Six years ago, back when I first learned what energy healing was, I was sitting at my kitchen table in San Francisco with a friend who had flown in from Australia to spend the summer with me. We were releasing energy together when all of the sudden, I got hit with the biggest vision I had ever experienced, before or since.
I was huddled on the floor with my children as the cottage burned around us. I was trapped in that hellish heat, knowing that my children were going to die because of what I was.
The vision was so strong that I couldn't breathe. I was left gasping and nauseated and clutching the edge of the table. It was your classic burn-the-witch flashback, one that any woman healer - any woman, really - will be familiar with.
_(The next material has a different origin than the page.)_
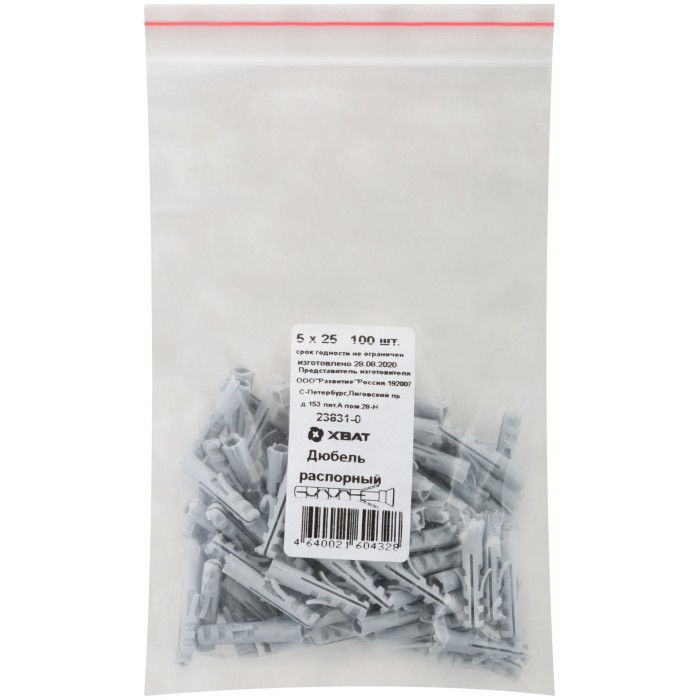 Дюбель распорный 5 х 25 100 шт. (фасовка) (23831-0)

My friend sat across the table, hand wrapped around his coffee mug, looking at me quietly. With empathy, but also with a prosaic “yeah, that’ll happen” demeanor.
For years, whenever this vision would pop in, I would see a tree, barren and blackened by flame. It’s only been recently that the tree has begun to flourish and blossom again.
Whether this is something that really happened to me in a past life, or was my assimilation of the collective consciousness, or was simply my subconscious processing fear doesn’t really matter. Even though I’ve worked with it for years and healed much of it, it still has the power bring tears to my eyes.
Years later, I was working with a healer on burnout. Energetic work - channeling, healing, holding space, helping people process their emotions - can completely tank you out if you aren’t replenishing yourself properly, and I hadn’t been. She noticed that I kept putting my right hand on my neck and tipping my head to the left when I was thinking, something I’ve done for as long as I can remember.
She closed her eyes, opened them again, and told me that I'd been hanged in a past life for being a channeler.
I think of that every time I find myself holding my neck.
Coming out as a channeler was hard - it took me years. I still feel uncomfortable talking about it with people, and not just because it's a tricky thing to explain. Even though I've become slightly more open with it, whenever I think about posting something extra hippie on social media - crystals, oils, sage, whatever I’m geeking out about at the moment - I hesitate.
Lately, I’ve been thinking about where I’m still hiding, where I'm not stepping in fully. And what my responsibility is to those who have come before me and those who will come after.
Part of our feminine ancestry as healers, herbalists, and midwives has been many millennia of fear and often violent death.
But it’s safer now than it has been in any point in known history to practice this light. We are now on the leading edge of processing that pain and that trauma for thousands of our ancestors, for our future children, and for the collective. But it’s not easy. It can make something as simple as an Instagram post feel deeply unsafe.
I’m a channeler and an empath and a light worker. And since we are all mirrors of each other, if you’re reading this, you're probably a healer too.
If you’ve ever held energy in your hands or used light to heal an energetic wound or burned sage and felt the difference, this is part of your journey. If you know you’re meant for something bigger and you feel right on the edge of that power, this is part of your story.
We are all part of this history, whether in past or present lived experience or as a member of the collective.
I want to fully step into this. I want to own the witch and the hippie and the channeler and know that those are all just labels to help put words to a universal truth that we are all so much bigger and brighter than we know. We have power we don’t yet fully understand. We have access to wisdom and abilities that we are only just beginning to dream of.
It’s time to harness our potential and learn to ride the edge of that wave. Because it’s just beginning - and it’s going to take us somewhere we can't yet imagine.